** Assignment **
No pictures should appear. The lines from the beginning of the listing through the one holding "2025 New Towel" must be reproduced exactly, and nothing more.

** Data segment **
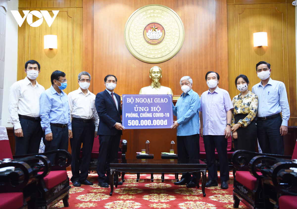 4日、ハノイで、ブイ・タン・ソン外相は、ベトナム祖国戦線中央委員会幹部会のド・バン・チエン議長に新型コロナ予防対策への義捐金として5億ドン、約238万円を手渡しました。
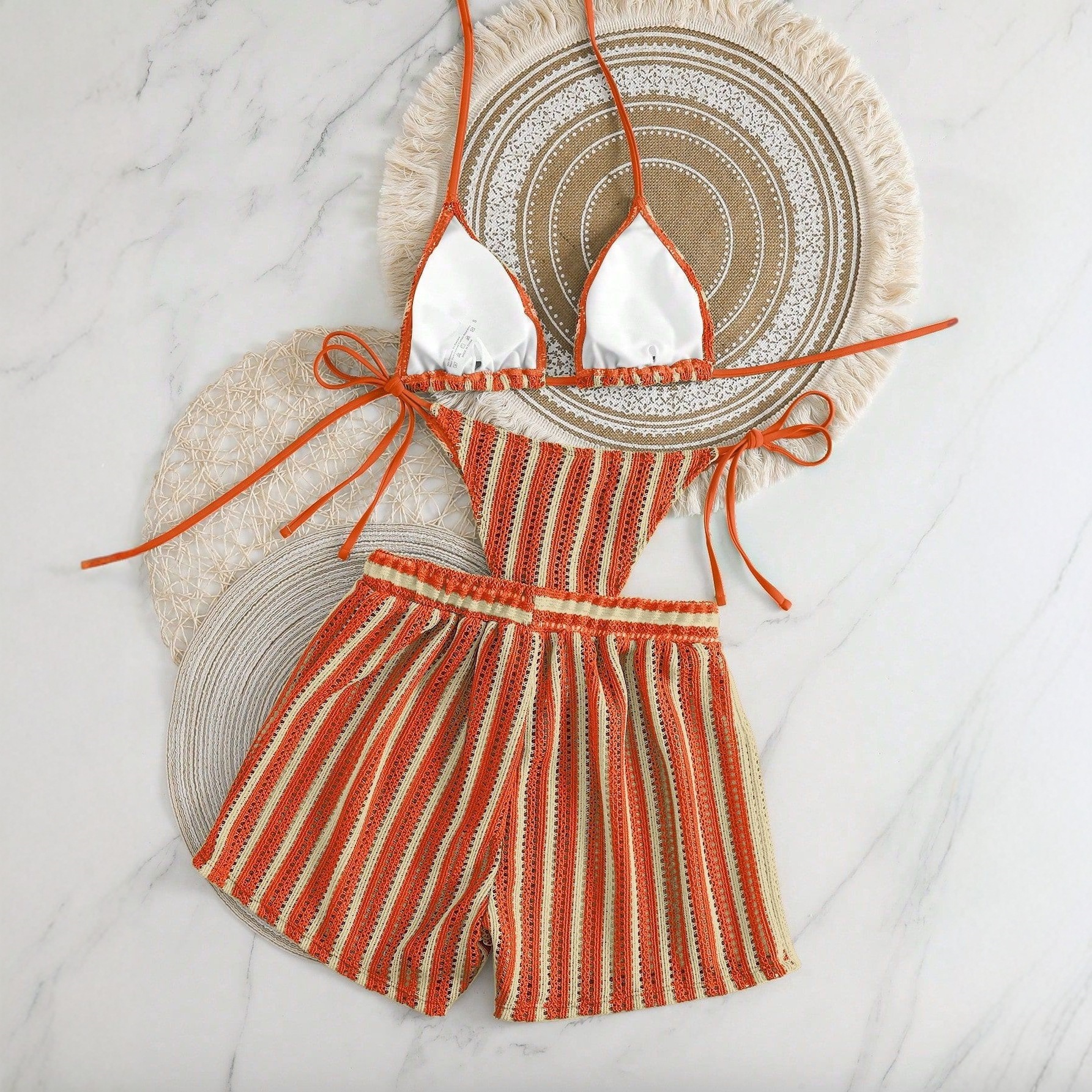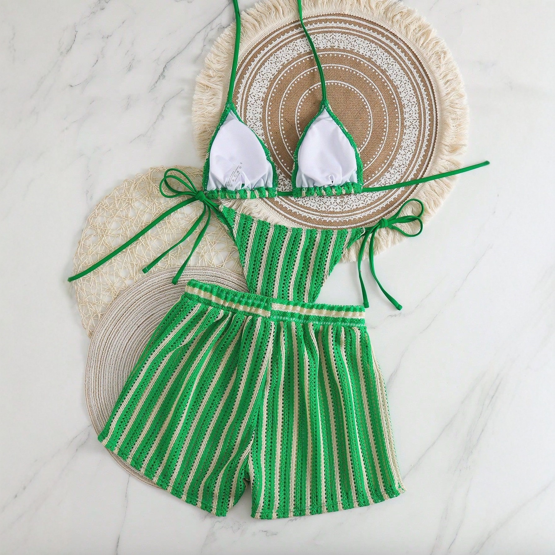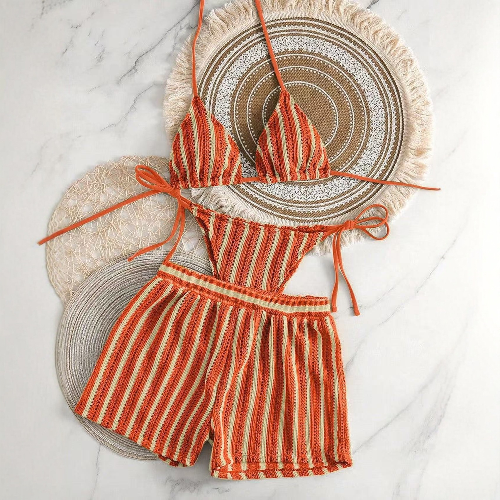 2025 New Towel Cloth Hanging Neck Strap Bikini Swimsuit Summer Beach Vacation Women's Wholesale from European and American Manufacturers
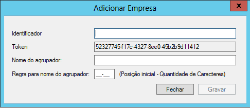 Regra para nome do agrupador: Nesse campo conterá a posição inicial e tamanho do campo que deverá ser extraído do identificador (chave do e-agente) disponibilizado na tabela de entrada (tbdatabaseinput). (Ex: 5-10).

** Result **
 4日、ハノイで、ブイ・タン・ソン外相は、ベトナム祖国戦線中央委員会幹部会のド・バン・チエン議長に新型コロナ予防対策への義捐金として5億ドン、約238万円を手渡しました。
 2025 New Towel Cloth Hanging Neck Strap Bikini Swimsuit Summer Beach Vacation Women's Wholesale from European and American Manufacturers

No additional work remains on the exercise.